Overview
Continuing this post.
I’m running a data extraction tasks on documents and I’m trying to take advantage of the 128k
context window that gpt-4-turbo
offers as well as the JSON mode setting. I’m experiencing a bug where the generation breaks at token length 1024
during generation. Afaik, the output length limit should be 4096
. Even then, it looks like the bugs are similar to an issue that the docs are mentioning, but the existing solutions / recommendations are insufficient and don’t explain this specific observation I’m making.
Arbitrary Code Note
As I was writing this post, I was creating code to reproduce this error arbitrarily and got an “error message” I never got before during my data extraction tasks.
{
"status": "failed",
"reason": "The current configuration of the AI model does not support generating a response that exceeds 1024 tokens. Counting to 1500 in JSON would go beyond this token limit and is therefore not possible within a single response."
}
This is NOT a real error messages from the endpoint.
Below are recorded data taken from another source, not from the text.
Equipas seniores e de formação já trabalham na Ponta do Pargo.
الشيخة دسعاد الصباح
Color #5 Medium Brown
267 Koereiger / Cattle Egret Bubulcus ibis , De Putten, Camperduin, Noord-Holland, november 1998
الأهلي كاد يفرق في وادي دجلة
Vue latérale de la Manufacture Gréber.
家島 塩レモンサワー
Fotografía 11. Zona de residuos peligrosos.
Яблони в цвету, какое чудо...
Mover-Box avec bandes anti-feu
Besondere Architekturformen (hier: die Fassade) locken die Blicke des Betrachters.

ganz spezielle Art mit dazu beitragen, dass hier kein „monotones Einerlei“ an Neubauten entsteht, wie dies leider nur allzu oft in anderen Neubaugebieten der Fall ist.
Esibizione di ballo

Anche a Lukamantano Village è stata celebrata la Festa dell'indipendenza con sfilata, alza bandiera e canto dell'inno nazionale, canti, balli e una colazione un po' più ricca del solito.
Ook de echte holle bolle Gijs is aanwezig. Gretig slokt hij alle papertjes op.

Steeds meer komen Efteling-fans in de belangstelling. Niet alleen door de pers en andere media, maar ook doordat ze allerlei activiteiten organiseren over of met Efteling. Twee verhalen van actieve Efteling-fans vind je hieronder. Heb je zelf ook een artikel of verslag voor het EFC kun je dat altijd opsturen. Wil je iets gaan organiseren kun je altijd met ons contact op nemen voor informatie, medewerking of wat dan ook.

It’s the GPT generated response from the chat completion. This is confusing me even more but leading me to believe there’s some config setting that’s disabled or not working as intended, or the off chance that OpenAI as a whole forgot to enable 4096
output token length.
Describe the bug
Infinite Stream of Blank Characters
- When using JSON mode, always instruct the model to produce JSON via some message in the conversation, for example via your system message. If you don’t include an explicit instruction to generate JSON, the model may generate an unending stream of whitespace and the request may run continually until it reaches the token limit. To help ensure you don’t forget, the API will throw an error if the string
"JSON"
does not appear somewhere in the context.
My prompts do include the JSON mode instruction, and even then, I observe that when the response generation reaches token length 1024
, it’ll begin generating an infinite stream of blank characters until content_filter
is triggered. Below, I’ve stripped the blank space characters to indicate the token length.
Premature Stop and Malformed JSON Response
- The JSON in the message the model returns may be partial (i.e. cut off) if
finish_reason
islength
, which indicates the generation exceededmax_tokens
or the conversation exceeded the token limit. To guard against this, checkfinish_reason
before parsing the response.
The response returned was a result of the length
stop condition. I noted that the token length of the returned response was 1058
tokens; however, on further inspection I actually saw that the JSON response was malformed (beyond being incomplete) and it began at exactly where the token length reached 1024
!
Code to Reproduce
Just create some messages and make a chat completion that’ll likely generate a response token_length > 1024
. Here’s some code below to get started
client = AzureOpenAI(
azure_endpoint=os.environ["AZURE_OPENAI_ENDPOINT"],
api_key=os.environ["AZURE_OPENAI_API_KEY"],
api_version="2023-05-15",
)
initial_messages = [
{
"role": self.SYSTEM,
"content": "You are an AI Assistant. You will follow the user instruction. You will write a JSON response.",
},
{
"role": self.USER,
"content": "I want you to use GPT to generate the counting to 1500. Do not create code. Respond in JSON only. I do not care about reasonableness. You will count to 1500. You will write each number individually, and your output length max is 4096 tokens.",
},
]
response_stream = client.chat.completions(
model="gpt-4-turbo",
response_format={"type": "json_object"},
messages=initial_messages,
max_tokens=4096,
stream=True,
)
response_from_stream = ""
blank_space_threshold = 125
for chat_completion_chunk in response_stream:
if (
hasattr(chat_completion_chunk, "choices")
and chat_completion_chunk.choices
):
if (
hasattr(chat_completion_chunk.choices[0], "delta")
and chat_completion_chunk.choices[0].delta
and hasattr(
chat_completion_chunk.choices[0].delta, "content"
)
):
content = chat_completion_chunk.choices[0].delta.
if content:
response_from_stream += content
if not content.isspace():
consecutive_blank_space_count = 0
else:
consecutive_blank_space_count += len(content)
if (
consecutive_blank_space_count
> blank_space_threshold
):
raise Exception(
"Encountered blank space bug."
+ "\n"
+ "Response from Stream Token Length: "
+ str(
self.num_tokens_from_response(
response_from_stream,
model=self.chatgpt_model,
)
)
+ "\n"
+ "Response from Stream: "
+ response_from_stream
)
Troubleshooting
Confirm max_tokens
and model deployment
Can confirm this runs, and increasing max_tokens
beyond 4096
will cause a model error as expected.
response_stream = client.chat.completions(
model="gpt-4-turbo",
response_format={"type": "json_object"},
messages=initial_messages,
max_tokens=4096,
stream=True,
)
Test random settings and prompts
Tried different prompts, temperature values, etc. Included more and less “JSON” instructions. Never generated more than 1024 tokens.
JSON mode on vs. off
Generation is not capped by the observed 1024
token limit when JSON mode is OFF. It appears to be a specific bug that occurs when JSON mode is on.